Repressor LexA or LexA is a repressor enzyme (EC 3.4.21.88) that represses SOS response genes coding for DNA polymerases required for repairing DNA damage. LexA is intimately linked to RecA in the biochemical cycle of DNA damage and repair. RecA binds to DNA-bound LexA causing LexA to cleave itself in a process called autoproteolysis.
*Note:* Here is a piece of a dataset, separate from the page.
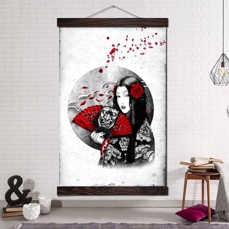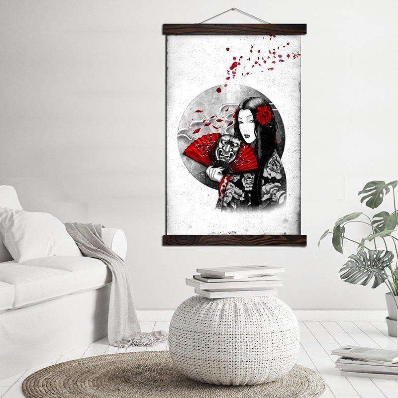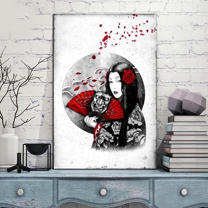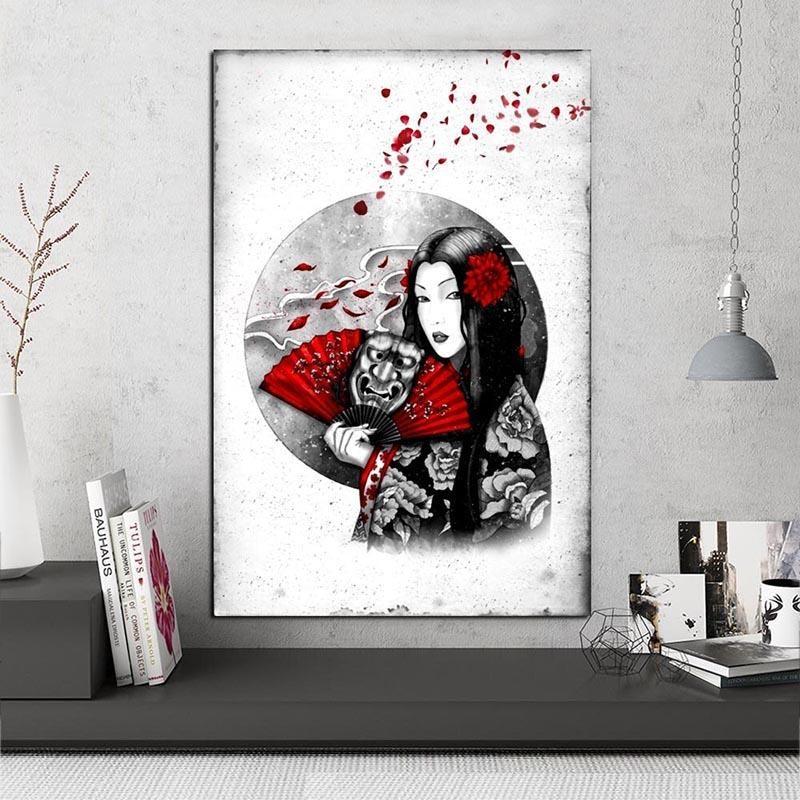 Für ein einzigartiges und elegantes Interieur wählen Sie dieses japanische Gemälde und seine verführerische Version des Dämons Hannya.

DNA damage can be inflicted by the action of antibiotics. Bacteria require topoisomerases such as DNA gyrase or topoisomerase IV for DNA replication. Antibiotics such as ciprofloxacin are able to prevent the action of these molecules by attaching themselves to the gyrase - DNA complex. This is counteracted by the polymerase repair molecules from the SOS response. Unfortunately the action is partly counterproductive because ciprofloxacin is also involved in the synthetic pathway to RecA type molecules which means that the bacteria responds to an antibiotic by starting to produce more repair proteins. These repair proteins can lead to eventual benevolent mutations which can render the bacteria resistant to ciprofloxacin.